*Brief*:
Working through the data below, reproduce word for word the line with "Um dos momentos" and every line after it, both ends included, and omit the pictures.

*Supplied information*:
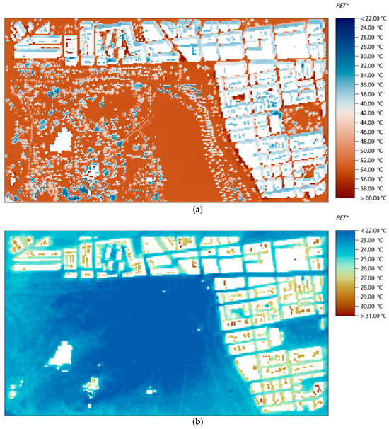 PET result maps at 1 p.m. (a) and 10 p.m. (b) at a cut height level of 1.25 m. PET* is the default name for PET in ENVI-met as the model implemented the corrected PET calculations with V5.5.
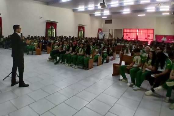 Um dos momentos mais marcantes do projeto foi o evento realizado no Teatro dos Nauas, que reuniu estudantes de quatro escolas em um grande encontro educativo. O espaço ficou lotado, demonstrando o interesse e o engajamento da comunidade escolar no tema.
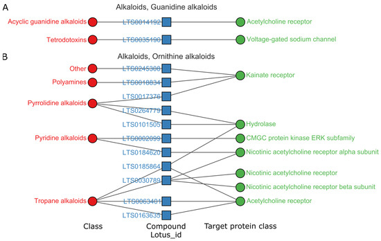 Relations among targets, compounds and natural product class of guanidine (A) and ornithine (B), pChEMBL > 8, target protein class levels (≥2). Full data associated can be found in datasheet S2 in Supplementary Materials.
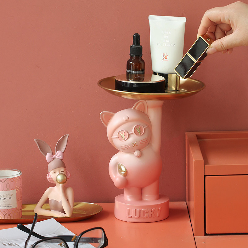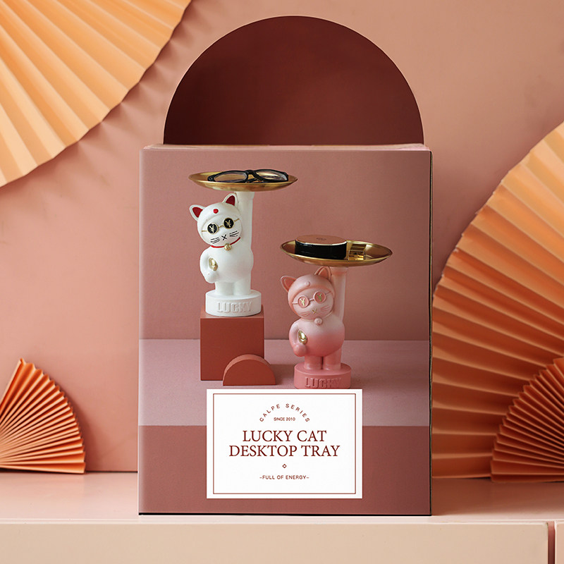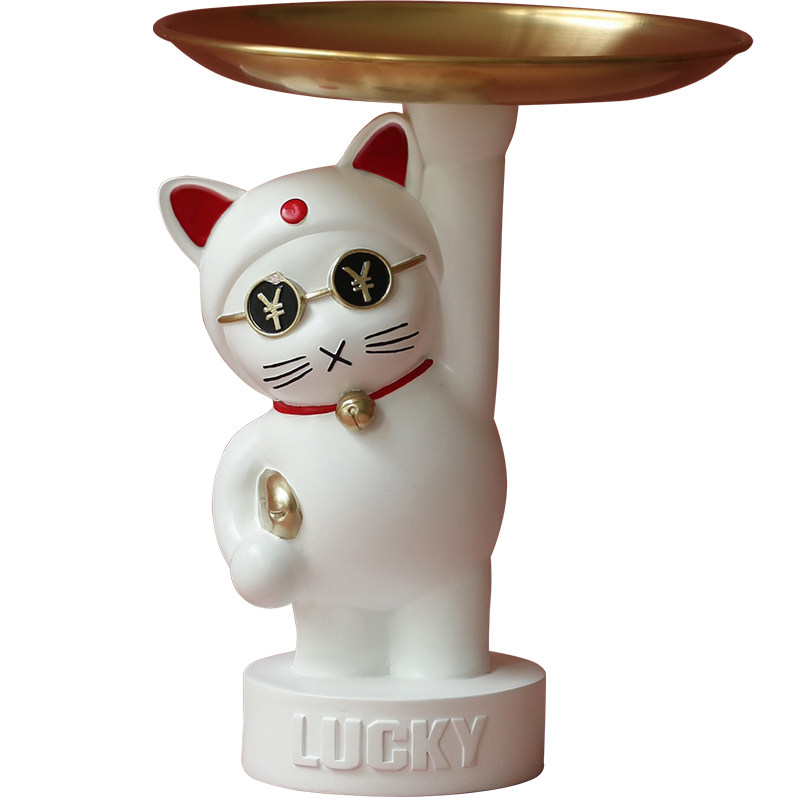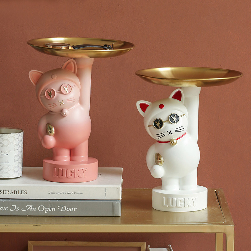 Mizi Home Lucky Cat Entering the Home Entrance Key Tray Storage Ornament Living Room Home Decorations Housewarming Gift

*Output for this task*:
 Um dos momentos mais marcantes do projeto foi o evento realizado no Teatro dos Nauas, que reuniu estudantes de quatro escolas em um grande encontro educativo. O espaço ficou lotado, demonstrando o interesse e o engajamento da comunidade escolar no tema.
 Relations among targets, compounds and natural product class of guanidine (A) and ornithine (B), pChEMBL > 8, target protein class levels (≥2). Full data associated can be found in datasheet S2 in Supplementary Materials.
 Mizi Home Lucky Cat Entering the Home Entrance Key Tray Storage Ornament Living Room Home Decorations Housewarming Gift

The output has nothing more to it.